Review of The Trip (2011) by Eric O — 17 Sep 2012
Michael Winterbottom's worked with Steve Coogan and Rob Brydon before. It's been great then, and it's great now.
The Trip is pretty much a condensed film version of a 6-episode BBC2 series. There's not a whole lot to say about it, as words themselves don't do the simple, pleasant experience much justice. Steve Coogan and Rob Brydon dominate and essentially ARE themselves, playing slightly skewered versions of themselves - as in the great Tristram Shandy: A Cock and Bull Story - by the same name as a pair of buddies on a restaurant tour through the English countryside. The whole film follows their largely improvised conversations as they constantly try to upstage each other, Rob cracks himself up, and Steve continues to think of himself as a greater talent and finds himself irritated time and time again by his jovial companion in his own loneliness.
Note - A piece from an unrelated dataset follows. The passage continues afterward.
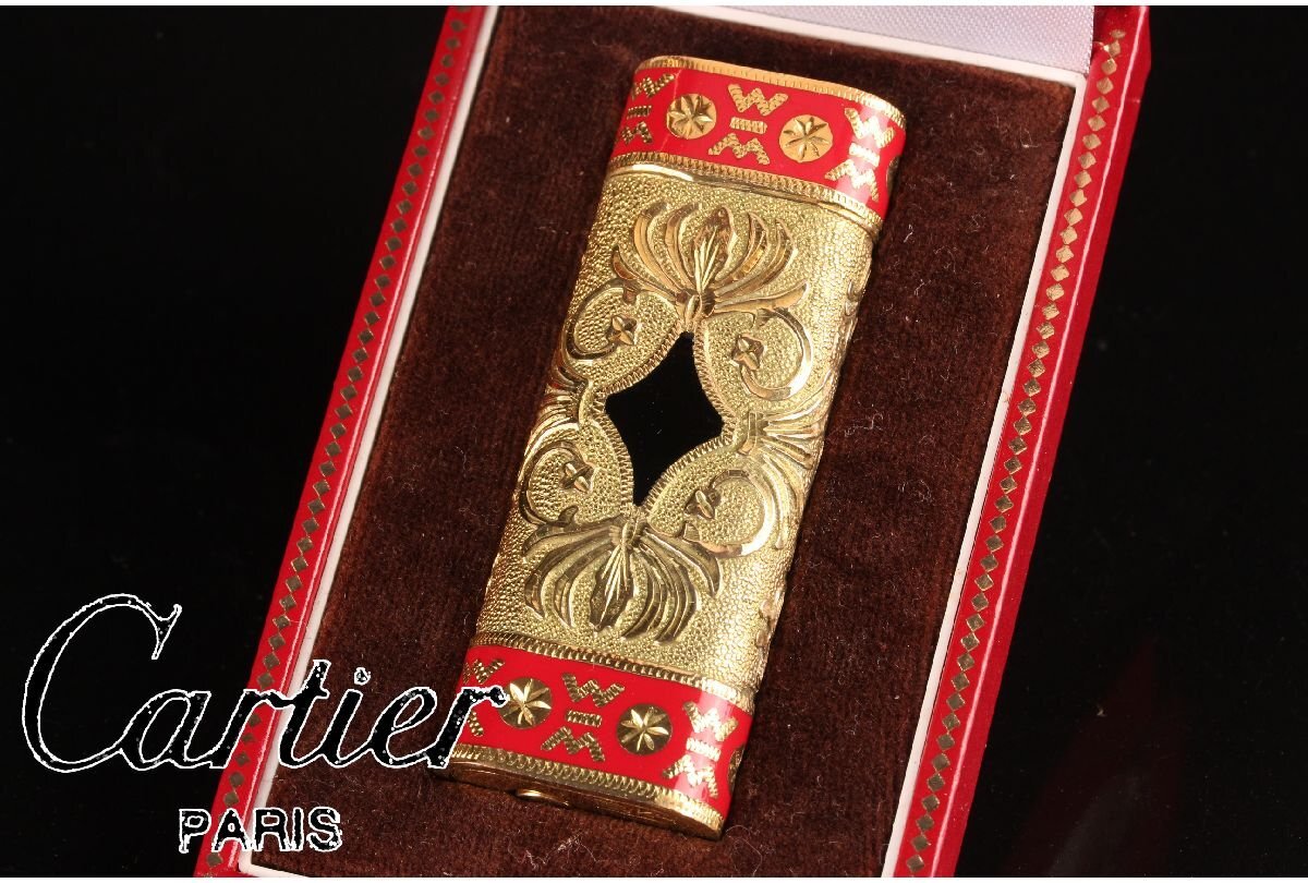 - [URA]ガス無/Cartier/カルティエ/ロイキング/ガスライター/ゴールド×レッド/約105.6g/4-4-01 (検索)骨董/煙草/喫煙具/たばこ/シガレット
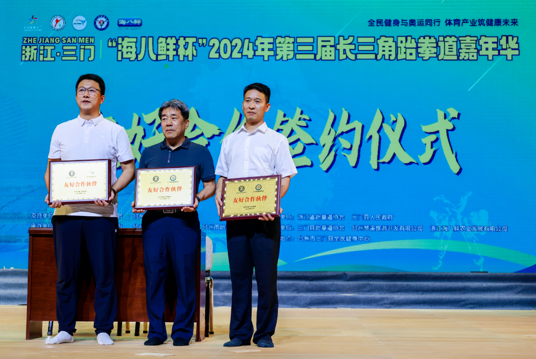 当晚,现场所有观众还一起见证了由韩国忠北保健科学大学跆拳道队分别与三门县跆拳道协会、台州市跆拳道协会签署的友好合作交流协议。协议的顺利签署,意味着今后两地间跆拳道交流与合作将会日趋频繁。

Their respective wits and talents carry the film, along with the beauty of the English countryside as they drive from destination to destination. There wasn't a lot of music that I can recall, but what was there served as an appropriate compliment to the film.
In the end, The Trip winds down on a note of quiet poignancy, looking at the quiet gulf that exists between the lives of the two friends, leading lives as different as they do in these character versions of themselves they play, bringing things to a close on an appropriately bittersweet moment with just a touch of pathos that doesn't serve to dilute the simple, pleasant experience that the film amounts to. Two great, very funny actors playing off each other with their wicked senses of humor while eating good food and driving to beautiful places. The Trip won't change your life, but like its title implies, it's a nice little vacation from everything else - sit down, get a bite to eat yourself, and laugh yourself silly.
This review of The Trip (2011) was written by Eric O on 17 Sep 2012.
The Trip has generally received positive reviews.